From these results, Sato et al. suggested that the ORF3b protein of the new coronavirus has strong interferon inhibitory activity, and this may be associated with the pathophysiology of COVID19. They also found that the ORF3b mutant that appeared during the epidemic enhanced interferon inhibitory activity.

At present, however, only two such mutants have been detected in the more than 17,000 sequences analyzed. Moreover, evidence of increased pathogenicity of the new coronavirus has not been detected. Thus, Sato et al. believes it is extremely unlikely that such a mutant will appear and become a virulent strain. However, with the spread of the epidemic, it has been becoming apparent that various mutations are accumulating in the virus.

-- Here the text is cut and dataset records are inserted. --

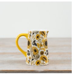 An assortment of 2 dolomite jugs with floral and stripe painted patterns in a rich butter yellow colour.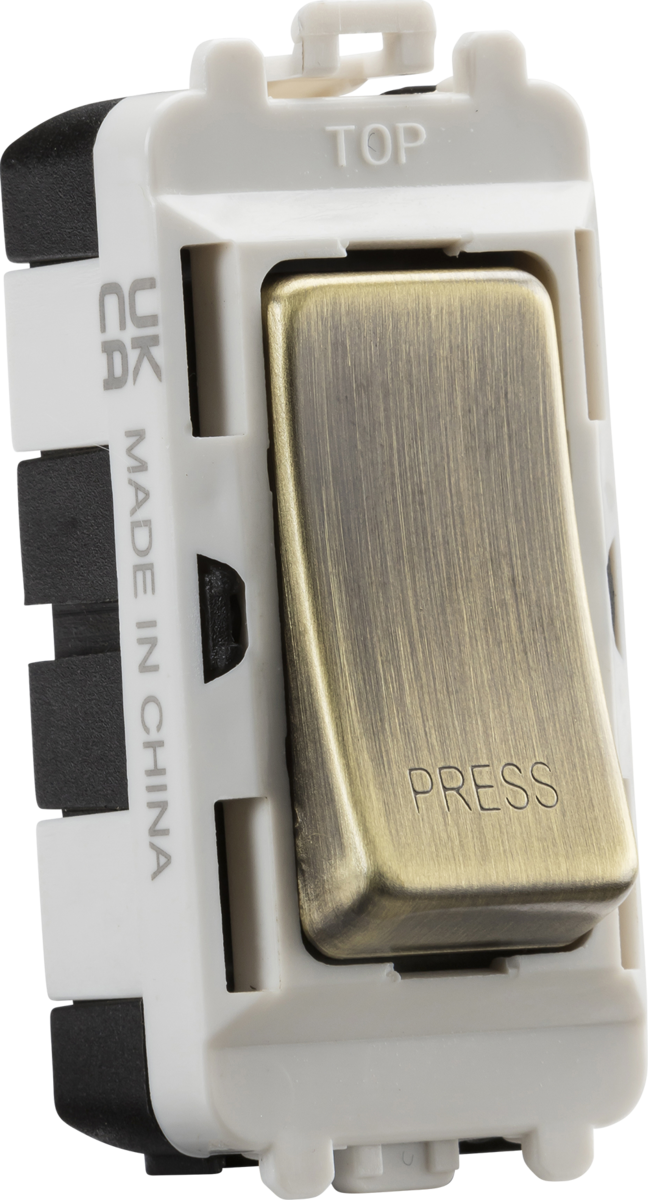 Knightsbridge: GDM006AB, 20AX 2 Way Retractive Switch Module, Antique Brass, Grid Compatible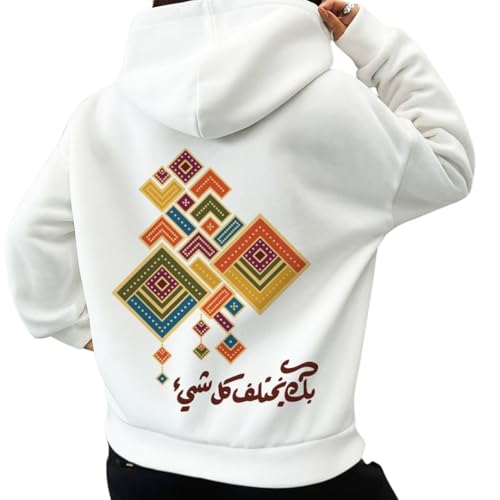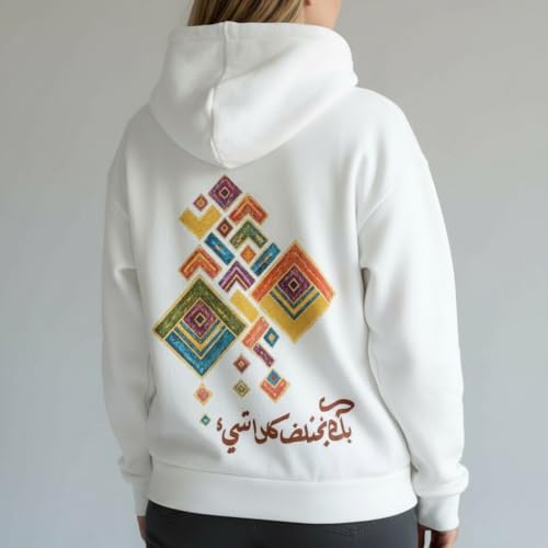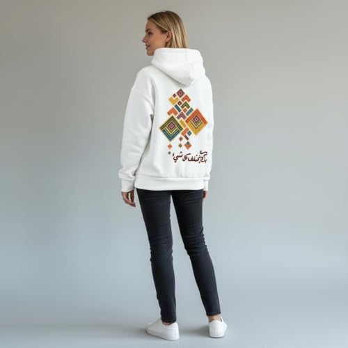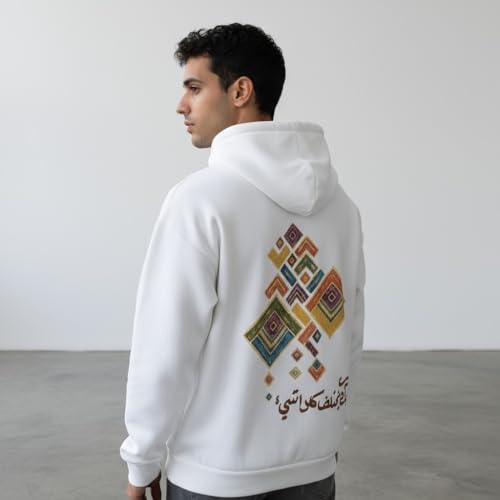 Generic - هودي ابيض للجنسين - تصميم الخط العربي "With You, Everything Changes" | هودي رومانسي ملهم | سويت شيرت قطن ميلتون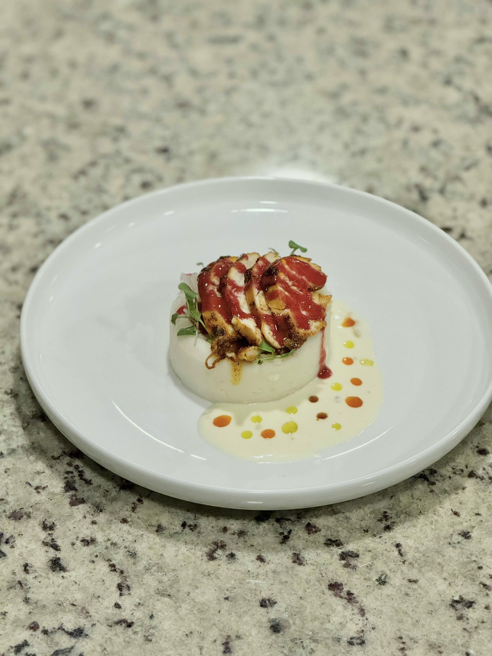 It’s like the sauce on the side looks so refined but the stuff in the middle just isn’t quite there yet. The amount of potato to chicken is way skewed unless there’s a secret thing hiding in the center (which would be super cool) and the cut and sauce on the chicken seems super amateurish. Great start though, if this is a breast maybe you can cut it right down the middle lengthwise and show off some nice crispy skin. Definitely on the cusp of greatness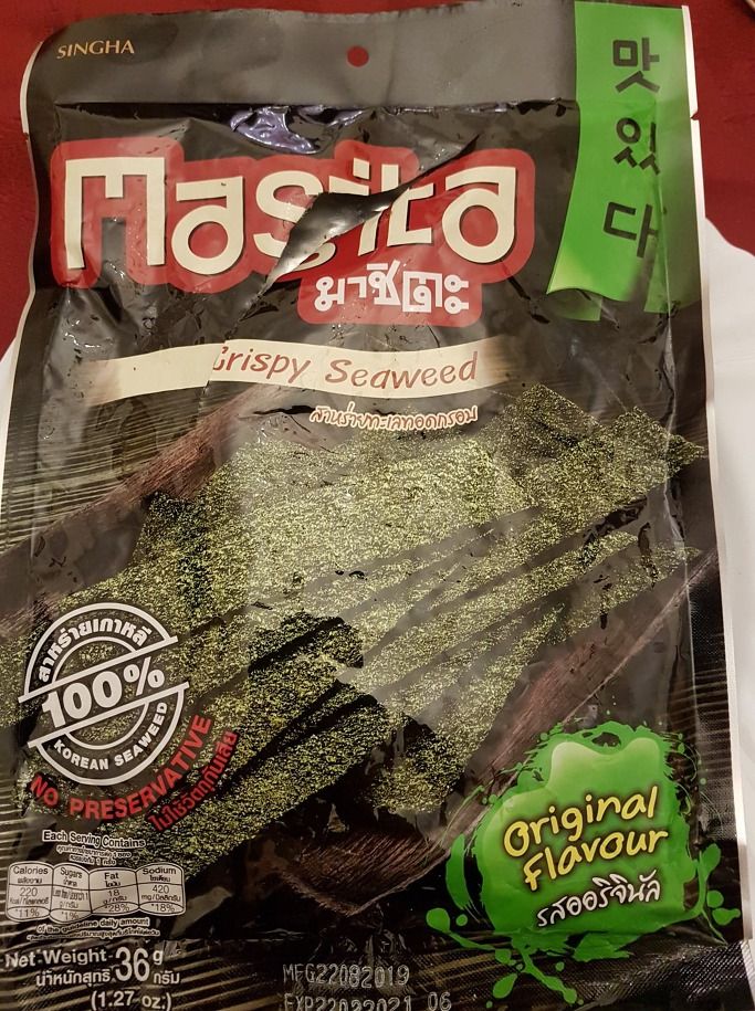 "맛있다"를 로마자로 표기한 듯한 "Masita"가 보인다. "맛있다"가 없다면 "Masita"를 "마시타 혹은 마시따"로 읽어 한글을 쉽게 떠올릴 수 없겠다. 내가 알고 있는 "맛있다"의 로마자 표기는 "masitda" 또는 "masitta"다. 한글 서체도 좀 세련되지 않아 보인다. 영어로 한국산 해조류(Korean seaweed)라고 쓰여 있는 것을 보니 적어도 한국하고 관련이 있는 듯하다.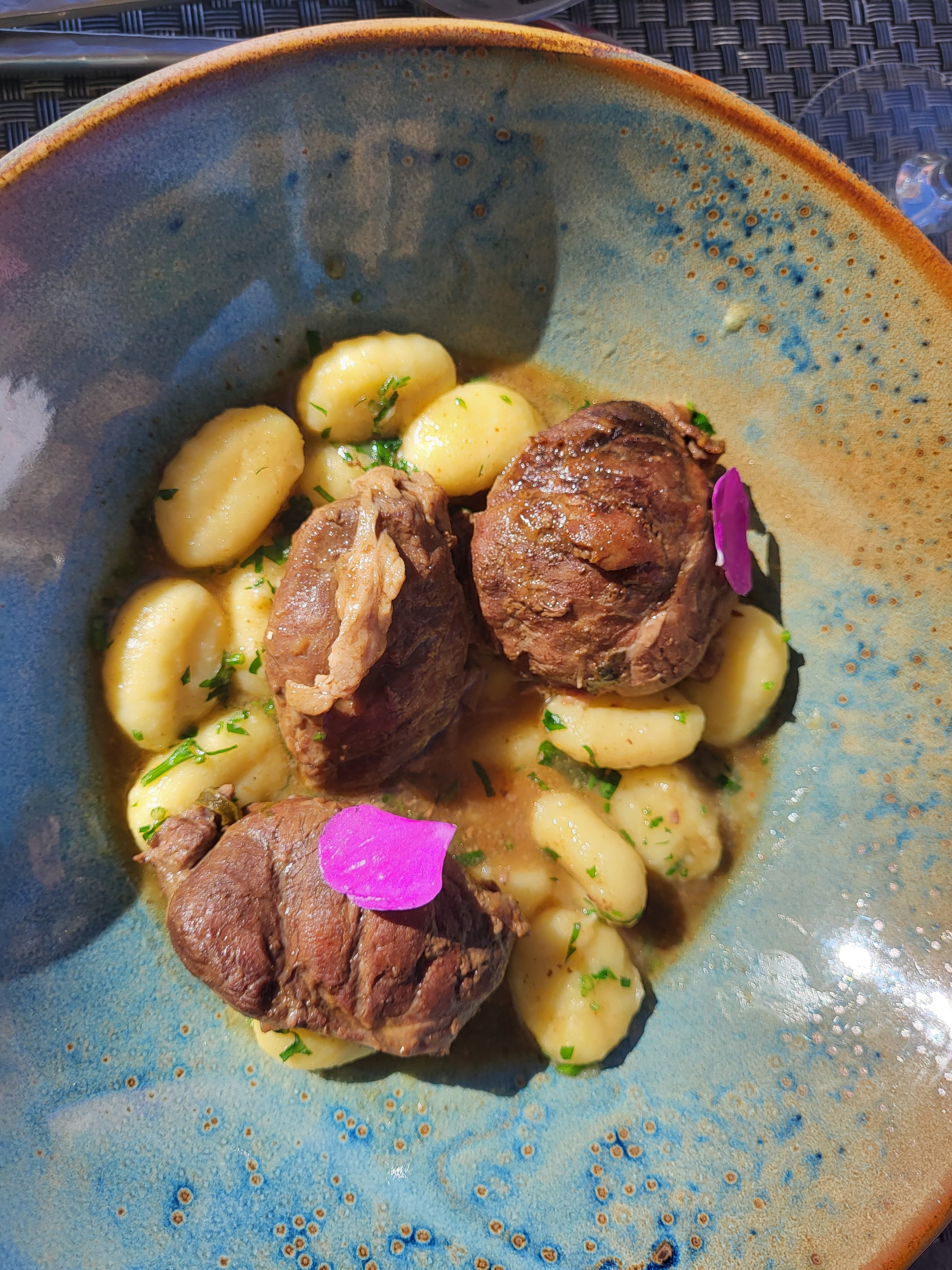 Le veau aux olives... un délice ; accompagné d'un tartare de poisson aux agrumes en entrée et d'un tiramisu Corse en dessert, pour terminer avec une myrte et une guimauve aux fruits de la passion maison. Le top pour un dimanche d'été indien, avec une magnifique vue et un personnel attentionné ! Restau vivement conseillé 😊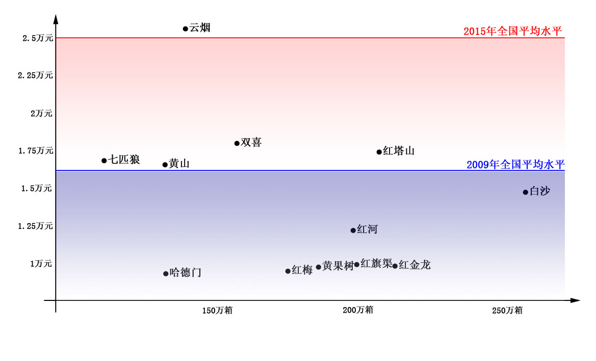 結(jié)構(gòu)問題才是根本。在2009年的12個百萬箱品牌中,僅有云煙、雙喜、紅塔山、七匹狼、黃山等5個品牌商業(yè)單箱批發(fā)均價高于全國平均水平,其中又只有云煙屬于結(jié)構(gòu)、規(guī)模協(xié)調(diào)發(fā)展,雙喜、紅塔山、七匹狼、黃山的單箱批發(fā)均價也僅是略高于全國平均水平,且結(jié)構(gòu)增幅遠(yuǎn)低于全國平均水平,幾個品牌的產(chǎn)品線布局主要以三類煙為主,輔以少量一、二類煙,七匹狼、黃山兩個品牌還有相當(dāng)比重的四類煙。其余7個百萬箱品牌商業(yè)單箱批發(fā)均價明顯低于全國平均水平,特別是“十二五”期間寄望于實現(xiàn)500萬箱、300萬箱銷量的白沙、紅河、紅金龍,結(jié)構(gòu)問題已經(jīng)成為影響品牌下一步發(fā)展的主要制約因素。同時,根據(jù)目前全國卷煙消費水平推算,預(yù)計到2015年前后,全國卷煙單箱批發(fā)均價有望達(dá)到2.5萬元水平,按照這樣一個增長預(yù)期,規(guī)模型品牌在未來3-5年還需要保持至少兩位數(shù)的結(jié)構(gòu)增幅。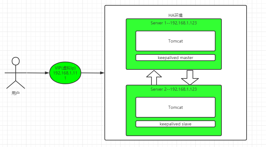 用户访问VIP(虚拟ip),keepalived将请求转发到master服务器的tomcat中,若master服务器的tomcat出现故障,则keepalived自动将请求转发到slave服务器中,此时slave服务器成为master。若server 1恢复运行,则成为slave服务器。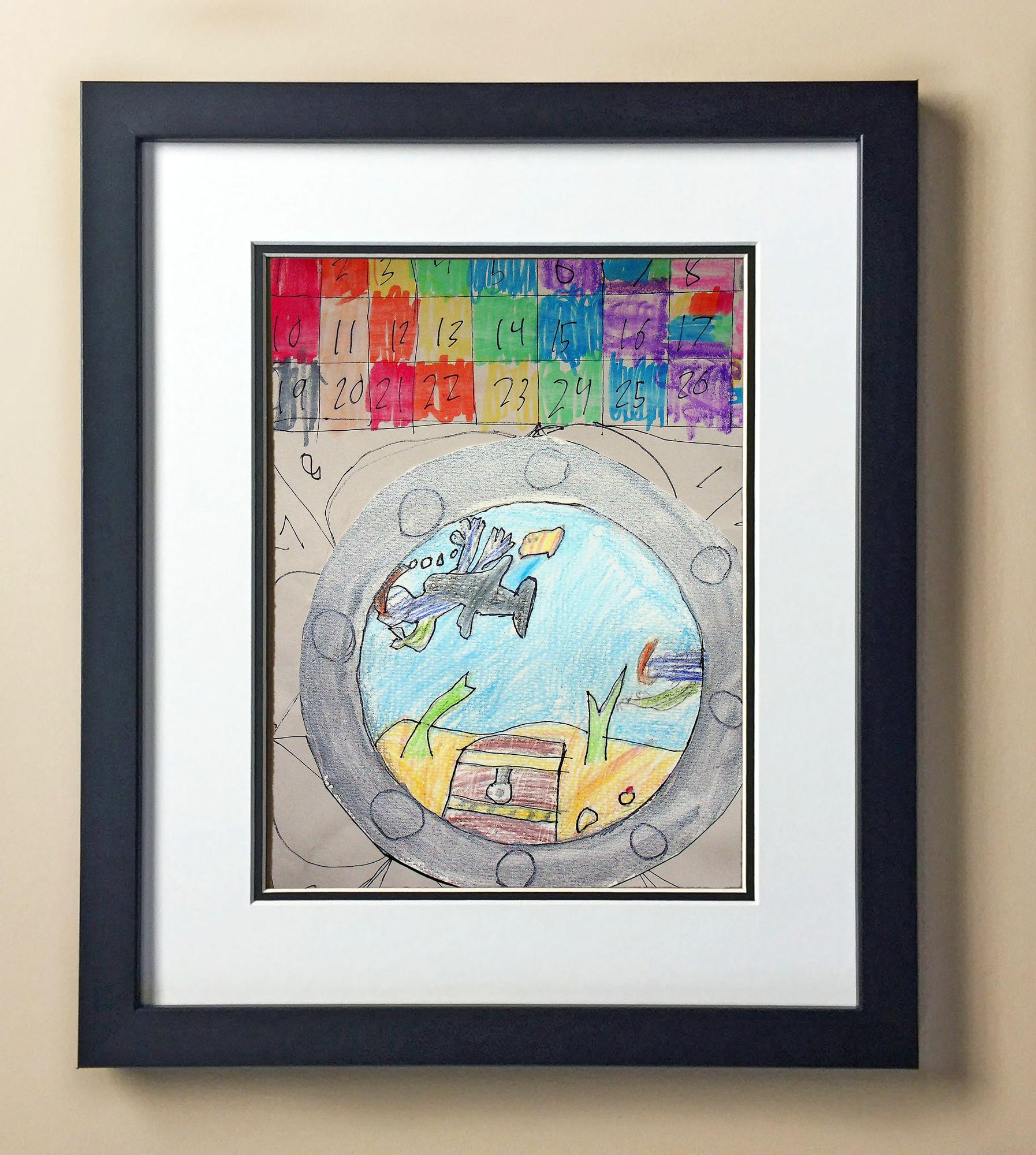 Included with the purchase is the Students Artwork, Frame, double matboard, shatter proof plexiglass, and a ready to hang backerboard with turnbuttons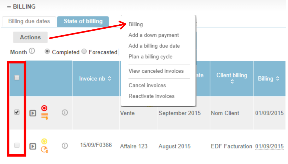 - Select the invoice proposals you want to invoice from the billing section > Actions > Billing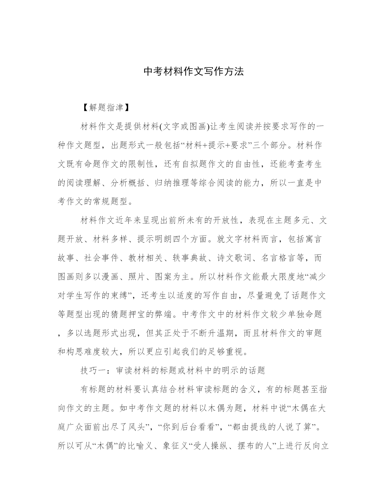 中考材料作文写作方法【解题指津】材料作文是提供材料(文字或图画)让考生阅读并按要求写作的一种作文题型,出题形式一般包括“材料+提示+要求”三个部分。材料作文既有命题作文的限制性,还有自拟题作文的自由性,还能考查考生的阅读理解、分析概括、归纳推理等综合阅读的能力,所以一直是中考作文的常规题型。材料作文近年来呈现出前所未有的开放性,表现在主题多元、文题开放、材料多样、提示明朗四个方面。就文字材料而言,包括寓言故事、社会事件、教材相关、轶事典故、诗文歌词、名言格言等,而图画则多以漫画、照片、图案为主。所以材料作

Considering that it cannot be denied that mutants related to exacerbation of the disease, such as ORF3b mutants, may appear; it is believed that changes in the viral sequence should continuously be observed in the future.

Fig. 2

Fig. 2 The ORF3b protein of the new coronavirus is expected to be associated with the progression of the pathology of COVID-19.

The interferon inhibitory activity of the new coronavirus-related viral protein ORF3b is significantly higher than that of the SARS virus-related viral protein ORF3b. It was also found that among the new coronaviruses that are currently prevalent, mutants with enhanced interferon activity have emerged due to partial extension of the ORF3b gene length.

Hope for the development of transmission-blocking technologies and therapeutic agents that can treat any viral infection

Although the new coronavirus is said to have spread across species from bats to humans, only a few cases have been transmitted from bats to humans. In the future, Associate Professor Sato plans to elucidate how these differences in transmission and pathogenicity occur by comparing the genomes of viruses and conducting cell biology experiments. In particular, COVID-19 has led to rapid progress in open science: The virus has been immediately identified from infected persons, and the genome sequence has been released. Also, papers will be shared without awaiting peer review. As a result, research is expected to be accelerated. In the future, it is hoped that technologies that can prevent the transmission of any virus from wild animals to humans and therapeutic agents that stop the development of pathogenicity will be developed.